Partnership policy sales have declined nationally, but most
significantly in California. In 2004, 13,369 consumers
applied for Partnership policies (8,425 were granted), but
only 858 applied in 2014 (611 were granted).
SB 1384 will enable the California Partnership to make
affordable, practical LTCI available for middle-class
consumers.
2. Background Early in the 1990s, four states joined with the
federal government to establish the four original
Partnership programs. However, subsequent changes in
federal law discouraged new states from establishing their
own programs. The federal Deficit Reduction Act of 2005
(DRA) opened the door for more states to establish their own
programs. About 40 states now operate Partnership programs.
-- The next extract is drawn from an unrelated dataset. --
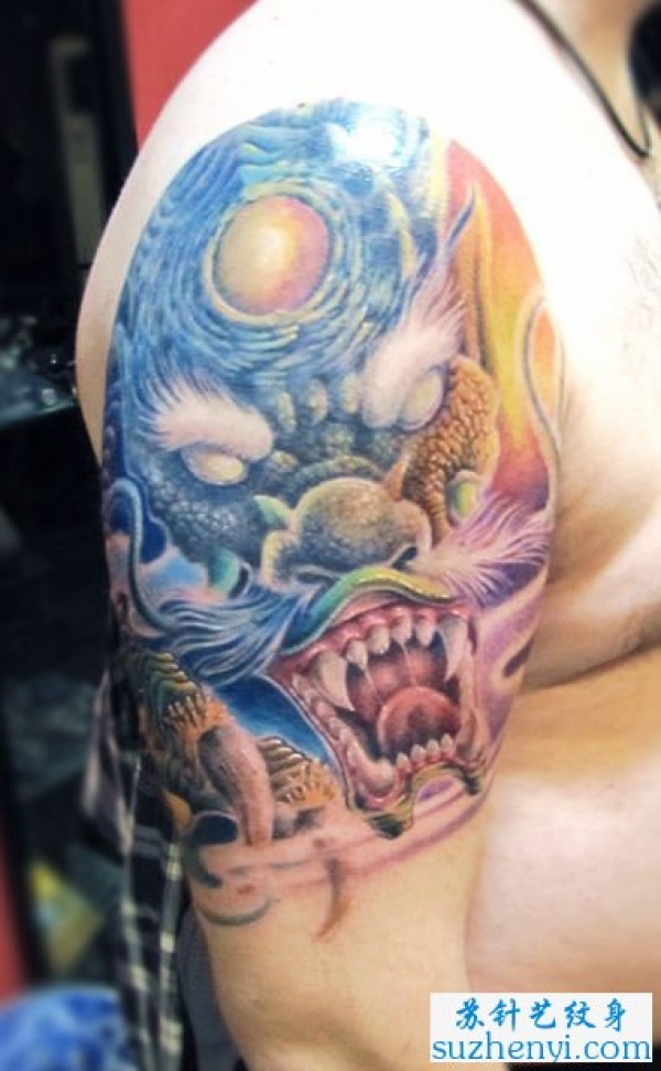手臂艳丽的彩色龙纹身_龙纹身图案大全_纹身图吧

In California, the program is jointly administered by CDI
and DHCS. CDI reviews and approves policies in accordance
with the Insurance Code and DHCS establishes minimum
standards and certifies that the policies meet program
requirements pursuant to the Welfare and Institutions Code.
Partnership policies were intended to target middle-class
consumers whose pension and savings are adequate for
retirement so long as they do not experience a serious
chronic disability. This approach encouraged responsible
financial planning and gave those consumers a way to
preserve some of assets if their LTCI coverage runs out.
For every dollar of benefit received under a Partnership
policy, a dollar is disregarded for the purposes of
determining Medi-Cal eligibility (for applicants subject to
an asset test) and Medi-Cal's estate recovery action.
Additionally, DHCS regulations require other features and
consumer protections including the following:
Agents that sell Partnership policies must receive 8
hours of special training every two years in addition to
the normal 8 hours of LTCI training.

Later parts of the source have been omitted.